The minority resolution concluded with the definition of tasks:

“Revolutionary Marxists must take part in and promote actions by the anti-imperialist and workers’ movement to bring political pressure to bear on the Soviet Union to immediately withdraw its troops from Afghanistan. In doing this, they must oppose all characterization of the Soviet Union as imperialist. They must also fulfill their duty of solidarity with the anti-feudal and anti-imperialist Afghan forces, explaining that the demand for the withdrawal of Soviet troops should in no way be confused with support for the mujahedin.”

This is the position that was finally adopted in May 1981 by a majority of the International Executive Committee of the International.2 While a minority continued to uphold the United Secretariat position of January 1980, the majority of the IEC adopted and developed, with certain nuances of its own, the argumentation of the pro-withdrawal minority of 1980. Thus, the May 1981 resolution placed itself within the framework of “combating all the forces of reaction, the Islamic fundamental movements and others in Peshawar,” and judged that the Soviet intervention “favors the counter-revolution.”

While affirming that “real defence of the interests of the workers and peasants, as well as of the peoples of Afghanistan, involves an intransigent struggle against the Afghan reactionary forces and imperialism,” the majority resolution of the IEC declared for the “right of self-determination of the Afghan peoples” and for the withdrawal of the Soviet troops, pointing out that this slogan “is in no way opposed to an unconditional defence of the members and sympathizers of the PDPA against the reaction.”

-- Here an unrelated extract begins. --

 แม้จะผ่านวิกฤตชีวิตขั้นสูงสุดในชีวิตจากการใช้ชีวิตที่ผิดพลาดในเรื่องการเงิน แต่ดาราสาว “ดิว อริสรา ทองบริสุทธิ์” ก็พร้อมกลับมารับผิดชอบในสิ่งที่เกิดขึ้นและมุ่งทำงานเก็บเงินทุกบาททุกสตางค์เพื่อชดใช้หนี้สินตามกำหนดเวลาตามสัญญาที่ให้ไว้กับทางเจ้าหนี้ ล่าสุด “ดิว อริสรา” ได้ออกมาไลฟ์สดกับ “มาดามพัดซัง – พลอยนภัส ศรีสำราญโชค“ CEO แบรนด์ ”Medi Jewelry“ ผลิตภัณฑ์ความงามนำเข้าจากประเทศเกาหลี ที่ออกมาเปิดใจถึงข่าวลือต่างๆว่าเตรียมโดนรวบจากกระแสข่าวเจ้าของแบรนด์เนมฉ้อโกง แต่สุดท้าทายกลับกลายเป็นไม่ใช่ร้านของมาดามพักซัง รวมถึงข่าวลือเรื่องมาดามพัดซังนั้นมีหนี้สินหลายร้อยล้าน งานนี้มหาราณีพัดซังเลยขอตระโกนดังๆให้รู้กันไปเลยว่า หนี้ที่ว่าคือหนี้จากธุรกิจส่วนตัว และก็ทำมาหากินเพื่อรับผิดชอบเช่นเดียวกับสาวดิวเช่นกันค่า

The resolution ended by defining the following tasks:

“Revolutionary Marxists will campaign to expose the hypocrisy of imperialism, which, while claiming to be ‘the defender of the freedom of the Afghan people,’ gives its support to the reactionary forces….They oppose any imperialist intervention in the region. For support to the workers and peasants and organizations that are fighting against the reaction and against Soviet repression.3 For defence of the right of the Afghan peoples to self-determination and for the political sovereignty of Afghanistan.”

It is useful in particular to recall what was, and remains, the position of the Fourth International on Afghanistan, because many people still confuse calling clearly for withdrawal of the Soviet troops with an attitude of support for the mujahedin, or even with putting pressure on the imperialist countries to increase their aid to the world’s richest reactionary guerrillas.

[Footnotes]

1. The majority and minority resolutions were published in Intercontinental Press, Vol. 18, No. 8, March 3, 1980.

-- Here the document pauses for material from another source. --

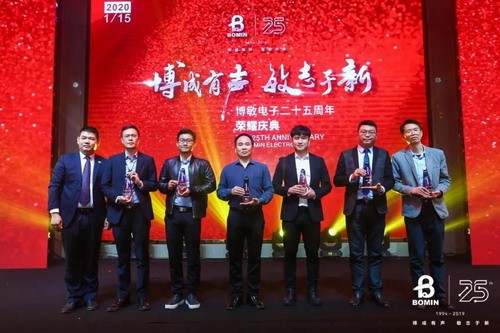晚上六時過半,紀念博敏電子成立二十五周年的榮耀慶典在《博敏之歌》的MV中隆重拉開序幕。 “博覽尖端科技,敏創先鋒品牌,向著目標,孜孜不倦,勝利就在眼前…”激動人心的歌詞瞬間將現場的氣氛推向首個高潮。

2. The resolutions of the 1981 IEC were published in Inprecor (French-language), No. 69, July 6, 1981.

3. There were a few Afghan organizations of Maoist inspiration that were both “progressive” and opposed to the Soviet presence. While it was correct to note their existence as a positive fact, it was wrong to think that they “could become a pole of active opposition to the Islamic fundamentalist or pro-imperialist forces.” That was to underestimate the formidable polarization of Afghan society produced by the Soviet intervention and the military escalation. Those of the autonomous Afghan progressives who have not gone over to the Kabul government, or one of the Islamic parties have been decimated by the mujahedin as much, if not more, than by the PDPA’s repression.